Yes, if you give a format which Azure cannot parse or recognize, then its going to throw a 500 Internal Error code in the response entity with the same exceptionally helpful generic message that the request body is null. I sometimes wonder if the developers just copy pasted the same error message for all the cases. I found this out when I supplied an incorrect date format for start date. The proper date format is the one given in the sample body in the create meeting tutorial page. So watch out for those properties which can have multiple valid formats and try them all if you get an error.
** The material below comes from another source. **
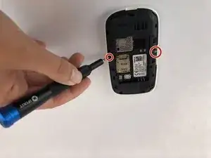 Удалите два винта, расположенные с левой и правой стороны телефона.

One last but most important point I want to mention here, which happens to be the issue I discovered the hard way, is the UPN or User Principal Name. Lets say you are working at Contoso and all the employees have their mail IDs as <employee_name>@contoso.com and this organization uses Azure Active Directory to digitally manage its employees and other users. If you call the endpoint https://graph.microsoft.com/v1.0/me using token acquired for delegated access, you will notice that your UPN is <employee_name>@ad.contoso.com which is the case in the organization I work in. But on using this UPN in the body of the online meeting create request, an error gets thrown (obviously with some generic message which does not tell you the source of the problem). But isn’t that the UPN? so if that is not the value for the UPN then what is? Turns out that on using <employee_name>@contoso.com as the UPN works and using the other one which is specified as the UPN by calling the /me endpoint doesn’t.
Moral of the story
With all this said, the moral of the story is that you might discover a lot of things missing in the documentation, and I suppose this is not the case specifically for online meetings resource but for other services and resources as well. There are three things I suggest you keep in mind when you encounter an error message which is not descriptive of the problem:
- Keep in mind of the properties that may be missing. Ideally, use all mentioned properties just to be on the safe side.
- Make sure that you try out all possible widely used formats for fields such as dates.
- Identifiers! make sure that the UPN or other identifiers are correctly mentioned or in case if there are multiple ways of identifying an entity, I suggest you use trial and error.